R is a very popular open source language for data science and statistics work. R consists of the language with a lot of basic functionality, enhanced by a tremendous ecosystem of packages. R packages are considered the “fundamental units of reproducible R code”. Packages allow any R user to create a set of reusable R functions for easy, open distribution. They are the lifeblood of R’s vibrant, expanding community and what make R the most popular open source programming language for data scientists and statisticians.

What is the GTFS (feed) format?

The General Transit Feed Specification provides a standard format for recording and distributing public transit data. A GTFS “feed” comprises a collection of required (and optional) flat text files (usually .csv) where each file must follow a predefined naming and variable structure. It includes information about stops, routes, schedules, and other data needed to describe a transit system.

The TransLōc blog has a great post about the history of GTFS feeds. Also, see Google’s GTFS reference materials for details on formatting specifics.

Why create a R package for GTFS feeds (gtfsr)?

While R users could certainly work with GTFS data without a special package, standardizing and re-using functions enables the building of reliable tools and analysis workflows. Converting a GTFS feed into a structured data object empowers users to easily extract and merge data for plotting, modeling, and analysis. This is the aim of the gtfsr package.

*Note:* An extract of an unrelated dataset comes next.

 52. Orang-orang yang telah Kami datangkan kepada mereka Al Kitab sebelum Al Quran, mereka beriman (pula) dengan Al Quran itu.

Features of the gtfsr package

  1. Find. A key feature of the gtfsr package is helping users quickly find GTFS feeds from the TransitFeeds API. Users need only get an API key to begin accessing GTFS feed easily from within R.
  2. Import. All that is required is a valid URL to a GTFS feed zip file. One need not use the TransitFeeds API. Local paths to GTFS zip files are also allowed.
  3. Structure. One of the key features of the gtfsr packages is that it converts a GTFS feed into a gtfs data object. Each gtfs data object is just a structured collection of “tidy” data tables. In essence, it takes the files in any given GTFS feed and converts them into a “living” data object — data a user can easily interact with. We hope this standardized yet flexible structure will become the standard for incorporating GTFS data into other packages.
  4. Validate. A single GTFS feed comprises many different text files, and each text file, many different fields. Each GTFS feed must contain certain required files and fields, but it may also contain optional files and fields. The gtfsr package checks for required files during import and reports any problems that may be present within the data. Users can go a step further to extract validation data for meta analysis.
  5. Mapping. One of the best features of the gtfsr package is the ability to easily map transit stops, routes, or networks. All that is required is a valid gtfs data object.

Why is TransLōc, a private company, interested in making open source package?

TransLōc believes everyone benefits when the barriers to public knowledge are reduced. Simple data tools open up public data to consumers, citizens, and institutions, and simple data structures improve the quality, sharing, and understanding of these data.

We hope to encourage more people and transit agencies to explore transit data and do interesting things with it. The gtfsr packages, by providing simple functions, reduces the tedium of obtaining, validating, and mapping GTFS feed data. Furthermore, by providing a well structured gtfs data object, we hope this package will provide a foundation for other R users to produce other packages expanding the ecosystem of open source data tools for GTFS feed data. Simply put, we want users to spend less time fretting about the less fun parts of data science (i.e. cleaning, validating) and spend more time playing with transit data.

How can I try it out?

The best place to get started is to check out the readme file on the github page. This walks you through each step of using the package in detail. Even if you’re not an R user, if you’re up for an adventure, you should be able to get data for your favorite transit system and map it by making simple modifications to the sample code (you’ll need to download R first, and using RStudio will make your experience much easier).

--

--